6. Monte Carlo Sampling#
With Monte Carlo sampling, also referred to as parametric bootstrap, the probabiliy distribution of model parameters is approximated by generating a large number of artificial measurements (resampling) and re-estimating model parameters for each.

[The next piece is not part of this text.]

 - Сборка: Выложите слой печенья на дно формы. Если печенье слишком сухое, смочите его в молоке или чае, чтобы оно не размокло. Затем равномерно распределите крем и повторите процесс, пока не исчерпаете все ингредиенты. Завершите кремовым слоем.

For a detailed description of the method the interested reader is referred to:
Imports#
from estim8.models import FmuModel
from estim8 import visualization, datatypes, Estimator
from estim8.error_models import LinearErrorModel
import pandas as pd
6.1 Load the model#
SimpleBatchModel = FmuModel(path='../tests/test_data/SimpleBatch.fmu')

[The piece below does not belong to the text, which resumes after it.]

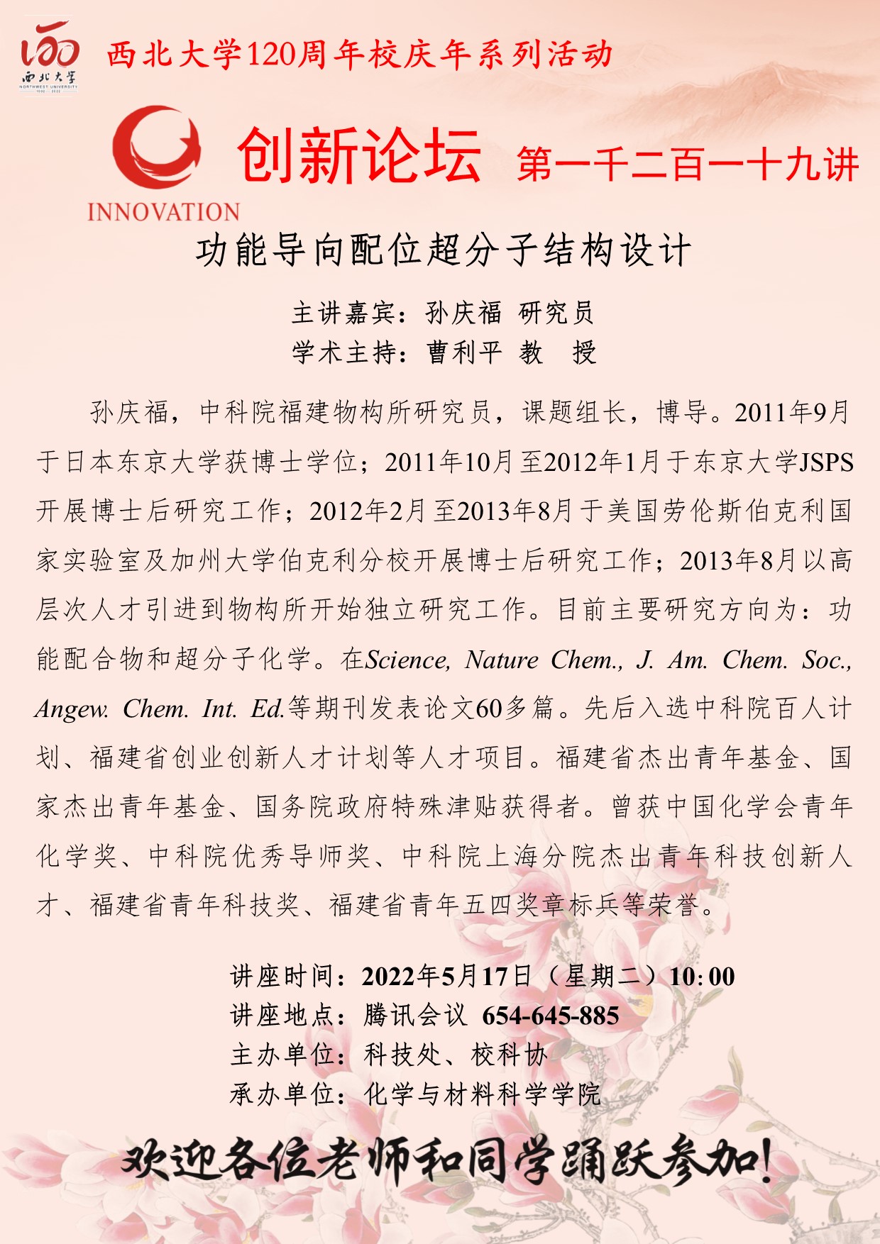 伟德国际1949始于英国创新论坛第一千二百二十讲暨120周年校庆年系列活动:杯芳烃—从大环受体到生物医用超分子材料

6.2 Import experimental data & create an Experiment object#
To quantify the extend at which uncertainty in experimental data propagates to parameter estimates, we need to define it first using a mathematical model.
Per default, estim8 assumes normally distributed measurement noise, e.g. using the LinearErrorModel (Notebook 2. Experimental data and error modeling).
data = pd.read_excel(r'SimpleBatch_Data.xlsx', index_col=0, header=(0, 1))
data.columns = data.columns.droplevel(1)
print(data.head())
# use a linear error model with normally distributed noise
experiment = datatypes.Experiment(data, error_model=LinearErrorModel(slope=0.05, offset=0.1))
Time X S
0.0 0.176200 NaN
0.1 0.318313 NaN
0.2 0.285270 NaN
0.3 0.218600 NaN
0.4 0.248210 NaN
6.3 Defining the estimation problem & create Estimator object#
As described in Notebook 3. Parameter estimation, unknown parameters and their bounds are defined and an Estimator instance is created.
## define unknown parameters with upper and lower bounds
bounds = {
'X0': [0.05, 0.15],
'mu_max': [0.1, 0.9],
'Y_XS': [0.1, 1]
}
# create an estimator object
estimator = Estimator(
model=SimpleBatchModel,
bounds=bounds,
data=experiment,
t=[0, 10, 0.1],
metric="negLL"
)
6.4 Start Monte Carlo Sampling#
Monte carlo sampling runs an optimization for each generated sample, therefore the method provides the same arguments and keyword arguments as a single estimation job using the Estimator’s estimate method:
Argument |
Type |
Description |
|---|---|---|
method |
str or List[str] |
the method key of the optimization algorithm. Pygmo algorithms are passed as a List[str] |
max_iter |
int |
maximum iteration rounds for the solver algorithm per estimation job. |
Kwarg |
Type |
Description |
n_jobs |
int |
number of parallel jobs to run the optimization algorithm with for each estimation job |
optimizer_kwargs |
dict |
Keyword arguments for the optimization function |
Additionall arguments and keyword arguments for the mc_sampling method are
Kwarg |
Type |
Description |
|---|---|---|
n_samples |
int |
The number of Monte Carlo samples |
mcs_at_once |
int |
number of Monte carlo estimations run in parallel |
optimizer_kwargs |
dict |
keyword arguments for the optimization function |
⚠️ This method puts considerable amount of work on your machine!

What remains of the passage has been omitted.